Ученый ничего не сказал. Ему вдруг показалось, что он отчетливо видит черный след посреди пронзительной голубизны небесного покрывала, развернутого над бескрайними джунглями. Это был черный дым сигнального костра, сообщавшего об опасности, в которой оказались белые люди… Дым просил о помощи… Он висел над лесом настолько давно, что точно определить координаты костра не представлялось возможным. А потом повеял ветерок, и воображаемая картина развеялась без следа. Но Вадим успел распознать мысли Уильямса и понять, что именно увидел профессор в зеркале собственной фантазии.
– Итак, – подвел итог Вадим, – миллионер и авантюрист знал, где находится сокровищница инков.
Пока продолжался рассказ профессора, иногда прерываемый репликами Вадима, в дверях кухни стояла Кирстин, тщательно оттирая губкой следы кофе с внутренней поверхности чашки. История сокровища инков и таинственного города в Амазонии ее увлекла и загипнотизировала. Слушая эту историю, она внезапно вспомнила, что до Мату-Гроссу отсюда рукой подать, и, как говорили рыбаки, лечившиеся в больнице, попасть в соседнюю Бразилию было проще простого. Границу в джунглях невозможно контролировать. Она, как и Вадим, не могла не заметить блеск в глазах профессора и трепетную дрожь в его голосе, когда он рассказывал историю неизвестных бандейрантов. И в ее сознании мелькнула крамольная мысль, почти догадка: «Уильямс хочет тайно попасть в Мату-Гроссу. Он хочет найти этот город».

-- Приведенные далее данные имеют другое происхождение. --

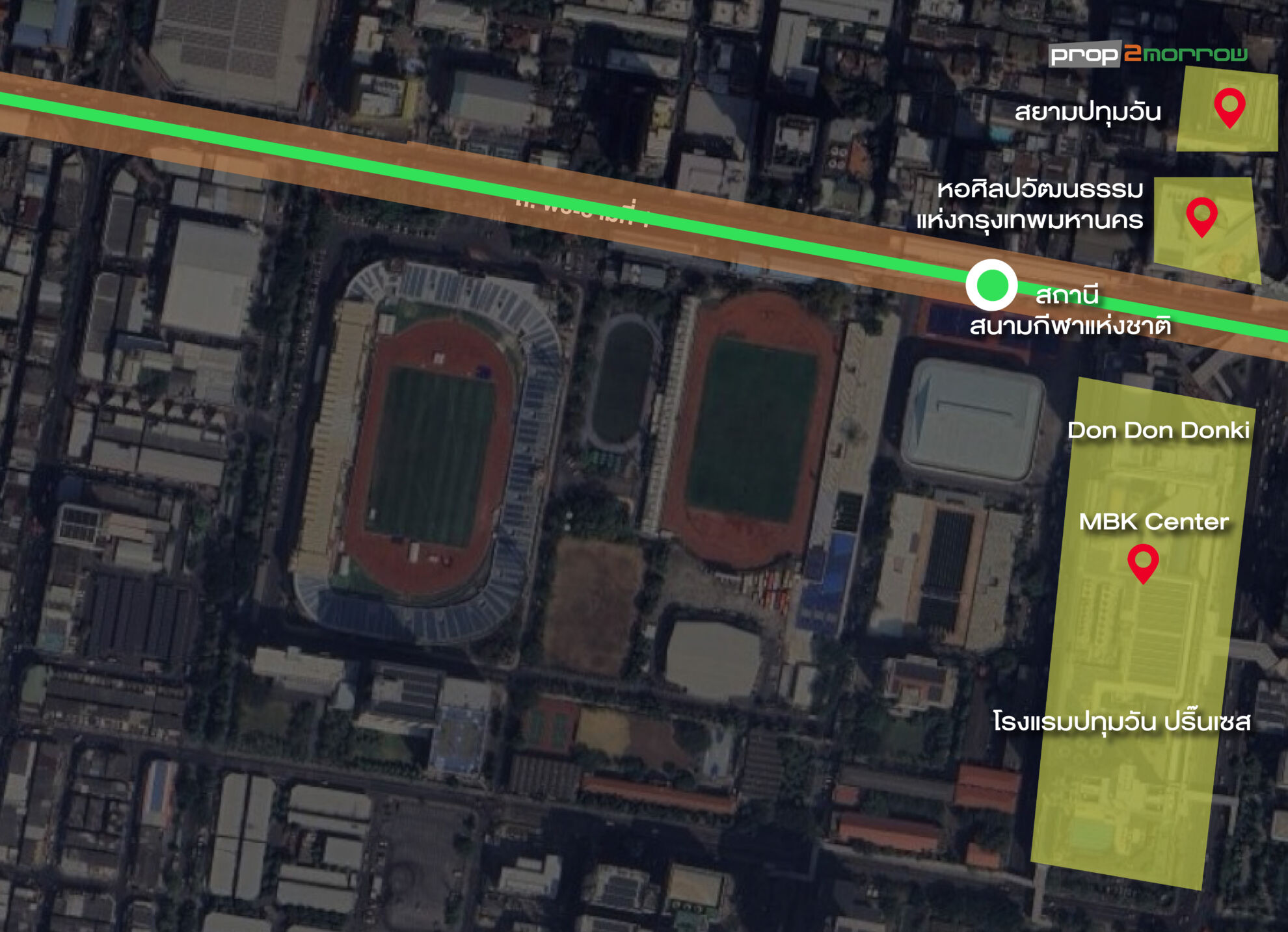 โดยจุดเริ่มต้นออกสตาร์ทตั้งแต่หัวถนนพระราม 1 ที่สถานีรถไฟฟ้าสนามกีฬาแห่งชาติ มองหาป้ายทางออกหมายเลข 3 และ 4 ซึ่งทางออกหมายเลข 4 สามารถใช้ทางเชื่อมเดินเข้าสู่ชั้น 2ของห้างเอ็ม บี เค เซ็นเตอร์ (MBK Center)หรือที่คนรุ่น Gen X และ Gen Y รู้จักกันในชื่อห้างมาบุญครอง ห้างในตำนานที่โด่งดังเรื่องร้านค้าเช่ารายย่อย สินค้าไอที โทรศัพท์มือถือ ของที่ระลึก และศูนย์อาหารราคาประหยัด โดยสามารถแวะหาอะไรทานรองท้องได้ที่ Food Court ชั้น 6 หรือจะเดินดูของที่ระลึก เสื้อผ้า และโซนมือถือได้ที่ชั้น 4

– Скажите, Сэм, а вы знаете ваших коллег из Боливии? Тех, кто тоже занимается историей Тавантинсуйу?
Уильямс хмыкнул:
– Друг мой, мир ученых – это большая деревня. Даже если ты кого-то не знаешь, ты наверняка читал его работы. Или знаешь того, кто знает того, кого ты ищешь.
Сложная лингвистическая конструкция не сразу стала понятна Вадиму. «В общем, «цепочка», хотел сказать профессор», – улыбнулся про себя гонщик.
– На любой международной конференции ты можешь смело здороваться с каждым, кого видишь в первый раз. И, может быть, в последний, – продолжал Сэм.
– А знаете ли вы профессора Паниагуа? – спросил Вадим.
– Что-то припоминаю. Из университета имени Габриэля Морено, кажется?
– Да, он и там преподавал.
– Помню, что у него, как и у всех латиноамериканцев, длинное имя, – Сэм откинулся на мягкую спинку дивана. – Норман Рауль Паниагуа… и еще что-то в конце.
– Вентура, – уточнил Вадим.
– У него была довольно интересная работа об экономическом устройстве империи. Спорная, впрочем. Слишком много сарказма и личного отношения. Негативного. А это портит любое исследование, – припоминал Уильямс, прищурив левый глаз, как будто пытался сфокусировать свою память на коллеге. – И где он сейчас?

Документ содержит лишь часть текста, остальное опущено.